Albuquerque Press Club, historic building’s future in jeopardy

Business

ALBUQUERQUE, N.M. (KRQE) – An Albuquerque social club is at a financial crossroads because of the pandemic and now it may lose the historic building it operates out of. The historic Whittlesey House is currently owned by the Albuquerque Press Club, a private social club geared towards professionals in press and communication roles. But it operates out of the historic building with a bar license.

“So, there is no differentiation between a place that is a bar for profit and that’s what their business model is and us as a private members club which really is not here for the bar aspect but for the members itself. But since our business license classifies us as a bar, we’re lumped into that same aspect,” William Fitzpatrick, Board Director for the Albuquerque Press Club, said. That means under state’s orders, it’s had to stay closed throughout the entire pandemic.

“We’ve been holding on, we’ve been paying the bills, we’ve been keeping the lights on, with literally nobody home,” Fitzpatrick said. But the club is not sure how much longer it can keep that up. Over the pandemic, it’s lost about half its membership. It is now down to 177 members. Between reduced dues and the closed facility, the club is in jeopardy of losing its historic building.

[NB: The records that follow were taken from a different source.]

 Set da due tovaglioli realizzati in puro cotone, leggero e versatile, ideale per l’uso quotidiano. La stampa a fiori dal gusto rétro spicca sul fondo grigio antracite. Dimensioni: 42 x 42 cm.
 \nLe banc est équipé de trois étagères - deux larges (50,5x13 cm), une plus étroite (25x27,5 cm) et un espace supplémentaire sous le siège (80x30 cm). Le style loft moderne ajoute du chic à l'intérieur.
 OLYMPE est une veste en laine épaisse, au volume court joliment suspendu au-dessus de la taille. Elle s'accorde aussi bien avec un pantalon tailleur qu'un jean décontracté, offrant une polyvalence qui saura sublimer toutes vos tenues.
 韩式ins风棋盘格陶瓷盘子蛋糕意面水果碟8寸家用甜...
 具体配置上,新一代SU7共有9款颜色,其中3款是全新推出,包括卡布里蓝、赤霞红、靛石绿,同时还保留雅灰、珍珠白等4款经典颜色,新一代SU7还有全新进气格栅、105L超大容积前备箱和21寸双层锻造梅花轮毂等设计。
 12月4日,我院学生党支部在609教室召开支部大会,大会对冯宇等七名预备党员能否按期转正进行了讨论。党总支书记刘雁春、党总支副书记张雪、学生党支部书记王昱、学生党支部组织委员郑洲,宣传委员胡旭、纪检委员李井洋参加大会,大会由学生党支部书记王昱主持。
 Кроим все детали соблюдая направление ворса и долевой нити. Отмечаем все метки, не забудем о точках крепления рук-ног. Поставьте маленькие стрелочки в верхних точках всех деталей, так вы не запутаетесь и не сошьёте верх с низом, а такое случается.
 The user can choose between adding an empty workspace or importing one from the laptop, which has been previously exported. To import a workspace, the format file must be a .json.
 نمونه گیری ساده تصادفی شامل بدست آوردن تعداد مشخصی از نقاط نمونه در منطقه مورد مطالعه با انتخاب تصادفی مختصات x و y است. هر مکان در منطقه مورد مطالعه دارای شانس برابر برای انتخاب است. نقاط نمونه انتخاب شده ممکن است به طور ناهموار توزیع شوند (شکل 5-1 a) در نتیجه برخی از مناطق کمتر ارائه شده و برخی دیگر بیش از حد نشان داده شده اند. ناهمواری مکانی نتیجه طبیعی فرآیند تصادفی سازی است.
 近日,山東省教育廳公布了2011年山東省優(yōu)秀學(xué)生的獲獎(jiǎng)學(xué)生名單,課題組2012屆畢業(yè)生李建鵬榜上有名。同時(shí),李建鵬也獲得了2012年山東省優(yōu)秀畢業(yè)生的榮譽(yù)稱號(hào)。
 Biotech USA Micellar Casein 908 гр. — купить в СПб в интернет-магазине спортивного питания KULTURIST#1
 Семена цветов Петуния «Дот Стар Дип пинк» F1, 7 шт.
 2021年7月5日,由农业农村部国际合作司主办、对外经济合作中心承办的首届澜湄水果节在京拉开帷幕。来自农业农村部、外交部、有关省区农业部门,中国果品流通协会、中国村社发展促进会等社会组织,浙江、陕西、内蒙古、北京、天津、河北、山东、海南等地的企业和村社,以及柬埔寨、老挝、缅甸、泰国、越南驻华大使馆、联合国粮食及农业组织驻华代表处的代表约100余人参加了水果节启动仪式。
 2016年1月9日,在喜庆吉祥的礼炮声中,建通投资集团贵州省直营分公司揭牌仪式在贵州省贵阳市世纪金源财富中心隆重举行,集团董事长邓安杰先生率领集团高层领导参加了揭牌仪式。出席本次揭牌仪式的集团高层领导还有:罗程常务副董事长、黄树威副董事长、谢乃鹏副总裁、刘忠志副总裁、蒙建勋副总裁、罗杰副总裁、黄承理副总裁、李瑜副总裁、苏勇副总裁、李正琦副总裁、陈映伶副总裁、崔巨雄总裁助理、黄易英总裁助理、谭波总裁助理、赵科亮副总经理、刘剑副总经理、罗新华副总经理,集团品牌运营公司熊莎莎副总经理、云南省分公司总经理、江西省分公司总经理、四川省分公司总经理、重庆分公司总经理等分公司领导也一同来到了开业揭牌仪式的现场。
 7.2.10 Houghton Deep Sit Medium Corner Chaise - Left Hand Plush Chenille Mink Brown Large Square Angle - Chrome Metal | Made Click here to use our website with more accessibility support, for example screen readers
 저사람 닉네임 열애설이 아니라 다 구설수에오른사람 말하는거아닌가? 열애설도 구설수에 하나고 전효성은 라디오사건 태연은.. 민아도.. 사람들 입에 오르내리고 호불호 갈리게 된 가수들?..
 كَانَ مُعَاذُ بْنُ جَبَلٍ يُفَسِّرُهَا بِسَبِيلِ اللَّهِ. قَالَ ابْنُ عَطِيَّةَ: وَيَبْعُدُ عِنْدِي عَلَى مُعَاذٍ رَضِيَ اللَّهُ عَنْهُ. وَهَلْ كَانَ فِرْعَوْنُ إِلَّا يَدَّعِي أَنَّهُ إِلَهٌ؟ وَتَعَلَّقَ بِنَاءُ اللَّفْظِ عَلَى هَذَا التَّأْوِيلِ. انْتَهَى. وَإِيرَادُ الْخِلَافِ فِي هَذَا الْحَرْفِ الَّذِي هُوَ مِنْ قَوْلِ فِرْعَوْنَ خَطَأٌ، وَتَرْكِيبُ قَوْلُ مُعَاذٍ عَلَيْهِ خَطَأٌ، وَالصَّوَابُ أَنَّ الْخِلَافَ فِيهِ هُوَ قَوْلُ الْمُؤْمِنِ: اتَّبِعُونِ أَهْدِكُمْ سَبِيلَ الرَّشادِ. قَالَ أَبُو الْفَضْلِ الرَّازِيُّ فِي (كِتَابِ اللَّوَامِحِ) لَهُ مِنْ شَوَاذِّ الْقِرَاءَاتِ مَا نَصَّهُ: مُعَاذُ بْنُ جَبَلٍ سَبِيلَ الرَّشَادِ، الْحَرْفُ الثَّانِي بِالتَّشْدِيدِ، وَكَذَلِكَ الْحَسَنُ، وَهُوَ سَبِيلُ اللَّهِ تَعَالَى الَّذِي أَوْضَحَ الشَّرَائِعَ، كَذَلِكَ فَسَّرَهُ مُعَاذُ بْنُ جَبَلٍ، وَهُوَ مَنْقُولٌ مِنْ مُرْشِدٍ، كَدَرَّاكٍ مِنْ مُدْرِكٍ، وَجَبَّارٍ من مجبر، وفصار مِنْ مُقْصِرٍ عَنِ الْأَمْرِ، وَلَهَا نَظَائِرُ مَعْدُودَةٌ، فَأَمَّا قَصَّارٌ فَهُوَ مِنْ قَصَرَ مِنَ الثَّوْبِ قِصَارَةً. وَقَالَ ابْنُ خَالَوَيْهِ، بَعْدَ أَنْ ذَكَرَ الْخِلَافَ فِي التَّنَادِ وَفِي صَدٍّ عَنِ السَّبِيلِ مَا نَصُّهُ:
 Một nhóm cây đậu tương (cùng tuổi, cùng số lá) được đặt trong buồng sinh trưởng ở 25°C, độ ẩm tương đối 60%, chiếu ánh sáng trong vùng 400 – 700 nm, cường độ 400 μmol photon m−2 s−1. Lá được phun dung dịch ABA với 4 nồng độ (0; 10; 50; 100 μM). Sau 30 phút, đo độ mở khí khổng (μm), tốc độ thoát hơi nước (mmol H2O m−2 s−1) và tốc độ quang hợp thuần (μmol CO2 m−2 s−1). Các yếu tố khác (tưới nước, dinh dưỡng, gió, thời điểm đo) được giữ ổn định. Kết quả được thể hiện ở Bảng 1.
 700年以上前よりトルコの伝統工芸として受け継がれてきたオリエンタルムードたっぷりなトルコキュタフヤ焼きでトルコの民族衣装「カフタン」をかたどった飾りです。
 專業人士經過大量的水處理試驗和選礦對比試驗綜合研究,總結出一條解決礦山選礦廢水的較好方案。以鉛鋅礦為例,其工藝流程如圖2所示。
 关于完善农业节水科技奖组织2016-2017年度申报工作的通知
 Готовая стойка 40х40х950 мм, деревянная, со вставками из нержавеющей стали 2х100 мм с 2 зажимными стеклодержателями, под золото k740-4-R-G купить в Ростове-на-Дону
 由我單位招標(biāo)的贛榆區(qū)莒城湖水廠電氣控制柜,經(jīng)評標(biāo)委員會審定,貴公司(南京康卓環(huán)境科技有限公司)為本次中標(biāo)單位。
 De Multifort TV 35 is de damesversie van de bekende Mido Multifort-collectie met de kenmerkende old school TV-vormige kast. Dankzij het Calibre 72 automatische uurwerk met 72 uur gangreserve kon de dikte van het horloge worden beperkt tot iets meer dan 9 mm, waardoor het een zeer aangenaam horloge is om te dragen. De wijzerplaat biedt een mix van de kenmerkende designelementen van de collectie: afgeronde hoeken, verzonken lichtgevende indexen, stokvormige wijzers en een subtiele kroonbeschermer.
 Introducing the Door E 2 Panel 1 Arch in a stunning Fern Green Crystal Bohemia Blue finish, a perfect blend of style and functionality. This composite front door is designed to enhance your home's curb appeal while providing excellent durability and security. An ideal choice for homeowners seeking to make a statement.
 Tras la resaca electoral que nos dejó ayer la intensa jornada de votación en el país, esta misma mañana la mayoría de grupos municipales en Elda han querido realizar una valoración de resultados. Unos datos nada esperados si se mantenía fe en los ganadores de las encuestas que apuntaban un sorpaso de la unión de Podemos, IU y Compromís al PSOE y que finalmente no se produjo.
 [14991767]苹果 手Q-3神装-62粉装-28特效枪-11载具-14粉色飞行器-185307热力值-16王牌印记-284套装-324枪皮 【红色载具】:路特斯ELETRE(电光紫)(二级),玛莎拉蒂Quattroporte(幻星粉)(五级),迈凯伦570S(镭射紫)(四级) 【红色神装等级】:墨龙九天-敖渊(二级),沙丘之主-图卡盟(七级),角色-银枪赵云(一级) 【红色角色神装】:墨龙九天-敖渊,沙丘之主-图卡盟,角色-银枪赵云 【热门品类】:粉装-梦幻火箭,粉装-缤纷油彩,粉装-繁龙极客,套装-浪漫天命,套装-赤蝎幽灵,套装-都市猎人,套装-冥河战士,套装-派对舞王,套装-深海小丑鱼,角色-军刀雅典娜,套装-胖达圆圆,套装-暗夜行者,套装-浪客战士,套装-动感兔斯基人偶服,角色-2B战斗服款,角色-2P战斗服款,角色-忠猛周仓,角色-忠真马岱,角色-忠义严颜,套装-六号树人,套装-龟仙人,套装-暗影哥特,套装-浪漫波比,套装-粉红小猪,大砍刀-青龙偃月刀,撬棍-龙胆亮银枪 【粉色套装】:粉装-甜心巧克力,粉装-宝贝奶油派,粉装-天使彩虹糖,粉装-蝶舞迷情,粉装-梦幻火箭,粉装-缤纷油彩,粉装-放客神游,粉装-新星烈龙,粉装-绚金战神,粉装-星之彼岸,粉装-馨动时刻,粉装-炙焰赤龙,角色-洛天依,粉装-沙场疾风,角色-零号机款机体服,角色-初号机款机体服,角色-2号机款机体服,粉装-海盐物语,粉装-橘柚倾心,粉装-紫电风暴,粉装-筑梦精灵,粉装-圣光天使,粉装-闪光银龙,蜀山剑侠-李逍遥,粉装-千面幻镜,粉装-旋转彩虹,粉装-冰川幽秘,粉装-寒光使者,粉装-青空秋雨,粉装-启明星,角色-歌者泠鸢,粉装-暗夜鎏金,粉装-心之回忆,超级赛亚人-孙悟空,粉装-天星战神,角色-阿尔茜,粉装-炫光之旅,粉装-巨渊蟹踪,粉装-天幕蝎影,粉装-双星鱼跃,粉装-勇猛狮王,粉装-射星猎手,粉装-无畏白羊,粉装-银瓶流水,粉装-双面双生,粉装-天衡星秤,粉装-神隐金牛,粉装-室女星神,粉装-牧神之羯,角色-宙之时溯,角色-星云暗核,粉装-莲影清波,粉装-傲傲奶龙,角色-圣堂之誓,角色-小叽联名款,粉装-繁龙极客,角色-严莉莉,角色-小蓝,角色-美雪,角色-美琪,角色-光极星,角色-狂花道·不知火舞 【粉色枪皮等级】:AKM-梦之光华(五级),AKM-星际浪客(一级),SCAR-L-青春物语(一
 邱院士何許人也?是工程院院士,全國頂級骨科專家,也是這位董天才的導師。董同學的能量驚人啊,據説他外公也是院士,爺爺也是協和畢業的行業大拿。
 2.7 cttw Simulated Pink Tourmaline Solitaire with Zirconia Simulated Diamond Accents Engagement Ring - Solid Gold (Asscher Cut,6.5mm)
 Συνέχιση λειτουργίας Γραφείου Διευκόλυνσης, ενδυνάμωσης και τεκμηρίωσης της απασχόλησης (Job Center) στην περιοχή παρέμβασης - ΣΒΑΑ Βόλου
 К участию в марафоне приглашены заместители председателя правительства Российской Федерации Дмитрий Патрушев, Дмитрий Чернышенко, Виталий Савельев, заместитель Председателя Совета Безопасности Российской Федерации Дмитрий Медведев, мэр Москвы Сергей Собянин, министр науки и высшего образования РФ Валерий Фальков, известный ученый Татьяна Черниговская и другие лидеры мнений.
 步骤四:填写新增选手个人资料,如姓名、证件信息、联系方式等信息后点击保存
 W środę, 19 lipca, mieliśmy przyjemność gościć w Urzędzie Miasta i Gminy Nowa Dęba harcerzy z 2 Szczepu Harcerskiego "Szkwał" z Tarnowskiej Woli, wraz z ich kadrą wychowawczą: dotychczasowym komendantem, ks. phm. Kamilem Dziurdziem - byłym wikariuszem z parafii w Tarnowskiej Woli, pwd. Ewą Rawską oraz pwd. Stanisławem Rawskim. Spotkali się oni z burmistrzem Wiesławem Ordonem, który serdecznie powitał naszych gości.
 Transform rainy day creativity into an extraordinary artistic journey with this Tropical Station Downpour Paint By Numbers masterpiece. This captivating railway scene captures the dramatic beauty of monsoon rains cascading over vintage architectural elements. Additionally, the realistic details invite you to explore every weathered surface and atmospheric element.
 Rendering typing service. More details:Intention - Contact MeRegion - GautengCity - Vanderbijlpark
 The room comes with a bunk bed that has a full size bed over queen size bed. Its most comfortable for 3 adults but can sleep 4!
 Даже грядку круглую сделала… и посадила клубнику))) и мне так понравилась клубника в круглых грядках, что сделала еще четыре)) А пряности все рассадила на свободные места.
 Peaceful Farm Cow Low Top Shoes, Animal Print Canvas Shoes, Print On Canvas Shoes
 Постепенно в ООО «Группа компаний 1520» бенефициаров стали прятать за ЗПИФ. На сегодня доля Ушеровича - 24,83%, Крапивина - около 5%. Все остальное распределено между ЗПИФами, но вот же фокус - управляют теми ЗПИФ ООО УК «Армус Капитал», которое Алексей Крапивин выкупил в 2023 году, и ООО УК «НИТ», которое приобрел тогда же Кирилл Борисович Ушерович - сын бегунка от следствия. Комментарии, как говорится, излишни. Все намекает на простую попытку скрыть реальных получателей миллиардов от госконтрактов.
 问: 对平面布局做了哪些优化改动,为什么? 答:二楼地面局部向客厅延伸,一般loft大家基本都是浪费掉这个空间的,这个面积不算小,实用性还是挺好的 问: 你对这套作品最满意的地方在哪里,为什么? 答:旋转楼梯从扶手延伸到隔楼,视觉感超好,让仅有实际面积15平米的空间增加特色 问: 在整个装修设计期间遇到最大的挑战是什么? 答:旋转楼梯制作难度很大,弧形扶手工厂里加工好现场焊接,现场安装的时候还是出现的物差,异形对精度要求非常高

“November is probably going to be the endpoint…if nothing changes,” Fitzpatrick said. It’s a tough pill to swallow for its members who have enjoyed the more than 100-year-old building for so long.

“It’s, I think, devastating for everybody who puts a lot of time and effort into this place. I think everybody’s holding their breath to see where it goes. But unfortunately, we haven’t gotten much direction,” he said.

The club said finding loans it qualifies for is difficult due to its designation as a  501(c)(7). The club said it has asked the state for exemptions but hasn’t gotten a response. Fitzpatrick said even if Bernalillo County moved to green and it’s able to open for outdoor service, he said it would be tough to catch up financially.

“This establishment was never made to have an outside serving area or anything like that. So now our bar staff, who’s usually one person who’s working there at one time bar manager or bartender, they now have to leave the bar, serve people outside, because people aren’t supposed to move around, they can’t come up to the bar,” he said. “So, that causes a huge logistical aspect and that’s also a financial strain because bring on additional staff to be able to facilitate those things.”

Fitzpatrick said the club has been able to stay afloat thanks to the membership dues it still does receive and a few donations made to them during the pandemic.